First, we run a fast O(MN)-time scan against all other individuals for long runs of diploid genotypes containing no opposite homozygotes (i.e., IBS>0). This filtering procedure is expedient for analyses of very large data sets as it operates directly on diploid data and thus requires little computation; a few variations of the approach have previously been developed40,41. Our implementation achieves a very low constant factor in its running time by using bit operations to analyze blocks of 16–64 SNPs simultaneously and using dynamic programming to record the longest ten IBS>0 stretches starting at each SNP block. We partition SNPs into blocks as follows: moving sequentially across the genome, we initialize each new block to contain the next 16 SNPs. We then continue to add subsequent SNPs to the block until it either contains 64 SNPs or reaches a maximum span of 0.3cM; upon reaching either limit, we end the current block and begin the next block.
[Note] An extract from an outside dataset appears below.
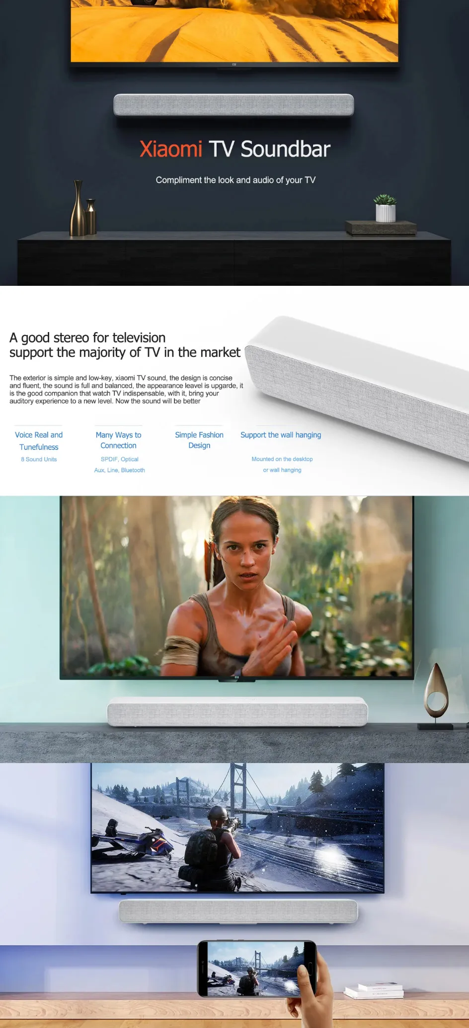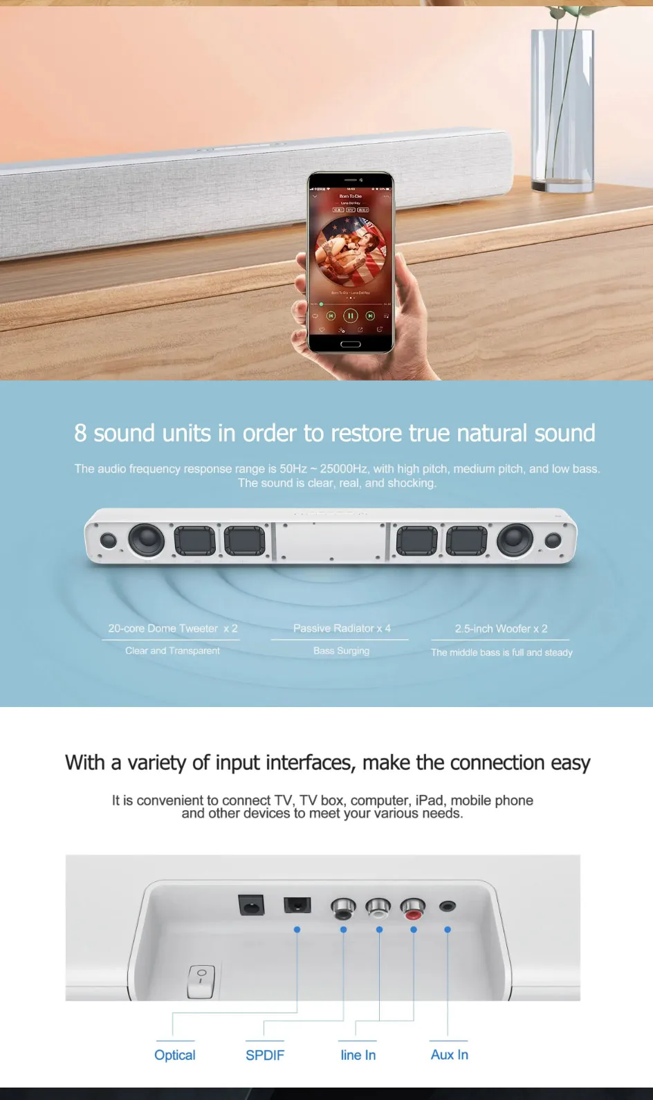 Bluetooth-динамик Xiaomi прямоугольной формы является высокопроизводительным искусственным динамиком. Он может слушать и говорить, как ваш настоящий друг. Этот динамик предназначен для телевизора и поддерживает большинство телевизоров на рынке. Это позволит вам почувствовать эффект кинотеатра дома. Кроме того, он поддерживает настенное крепление и крепление на сиденье. Вы можете выбрать в соответствии с вашей реальной ситуацией.

Second, we compute an approximate likelihood ratio score for each potential IBD match identified by the above scan. This procedure is similar in spirit to Parente242, which likewise computes approximate likelihood ratio scores to increase sensitivity and specificity of IBD calls. Our approach prioritizes speed over accuracy; instead of using a haplotype frequency model as in Parente2, we use only allele frequencies and LD Scores43 to compute an approximate likelihood ratio for the observed match having occurred due to IBD versus by chance. We apply this procedure within a seed-and-extend framework in which we begin with long IBS>0 matches but consider extending them beyond IBS=0 sites (to tolerate genotyping errors). We record all extended matches with length >4cM and likelihood ratio >10N (where N is the number of samples) as probable IBD matches.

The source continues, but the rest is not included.